Hz. Ebu Hüreyre (radıyallâhu anh)' dan rivayet ;
"Resûlullah (aleyhissalâtu vesselâm) buyurdular ki: "Allah'ın doksan dokuz ismi vardır. Kim bunları ezberlerse cennete girer. Allah (cc) tektir, teki sever."
Allah :
Diğer bütün isimlerin anlamlarını kendisinde toplayan, varlığı kendisinden olan, ibadete lâyık bir tek mabud'un zâtına mahsus özel ismi.
Rahmân :
Dünyada herkese ve her canlıya acıyan, onları koruyan, esirgeyen ve bağışlayan. Bu isim, Allah'tan başkasına kesinlik sıfat olmaz.
Rahîm :
Âhirette yalnız mü'min kullarına acıyan, onları koruyan, esirgeyen ve bağışlayan. Rahîm ismi, Allah'tan başka varlıklar için de sıfat olabilir.
Melik :
Buyrukları tutulan ve bütün kâinatın mulak hükümdarı.

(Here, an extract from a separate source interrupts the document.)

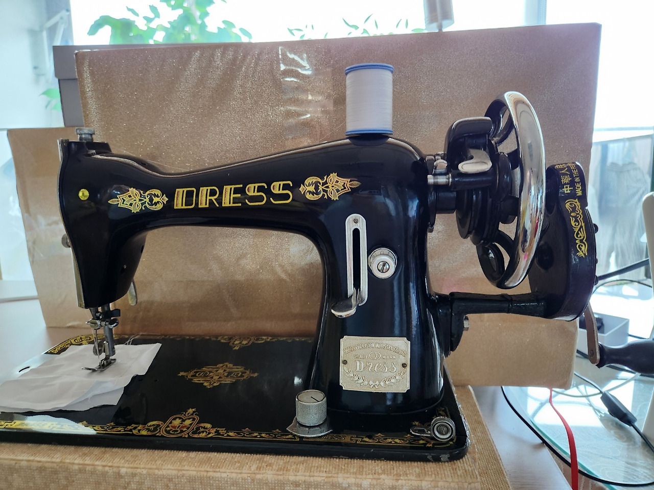 원래는 손잡이가 없이 휠만 있는 미싱으로 생산되었으나, 이 구제미싱을 사들여 리모델링한 전문미싱판매자께서 손잡이(중국산 무쇠라는 점이 아쉽다)를 달고 닦고 조였다고 했다.

Kuddûs : Eksiklik ve noksanlardan arınmış, tertemiz.
Selâm :
Kullarını selâmette kılan.
Mü'min :
İnananları güvenlikte kılan. Vadine güvenilen.
Müheymin :
Bütün işleri koruyup, gözetip yöneten.
Azîz :
Yenilmeyen güçlü ve galip.
Cebbâr :
Dilediğini zorla yaptırma gücüne sahip olan.
Mütekebbir : Yegâne büyüklüğünü ve yüceliğini ortaya koyan.
Hâlik : Yaratan.
Bârî : Örneği ve modeli olmaksızın her şeyi eksiksiz ve mükemmel yaratan.
Musavvir : Her şeye şekil ve özellik veren.
Ğaffâr : Çok bağışlayan, günah ve kusurları örten.
Kahhâr : Bütün güçleri yenen ve her şeye galip olan. İsyankârları kahreden.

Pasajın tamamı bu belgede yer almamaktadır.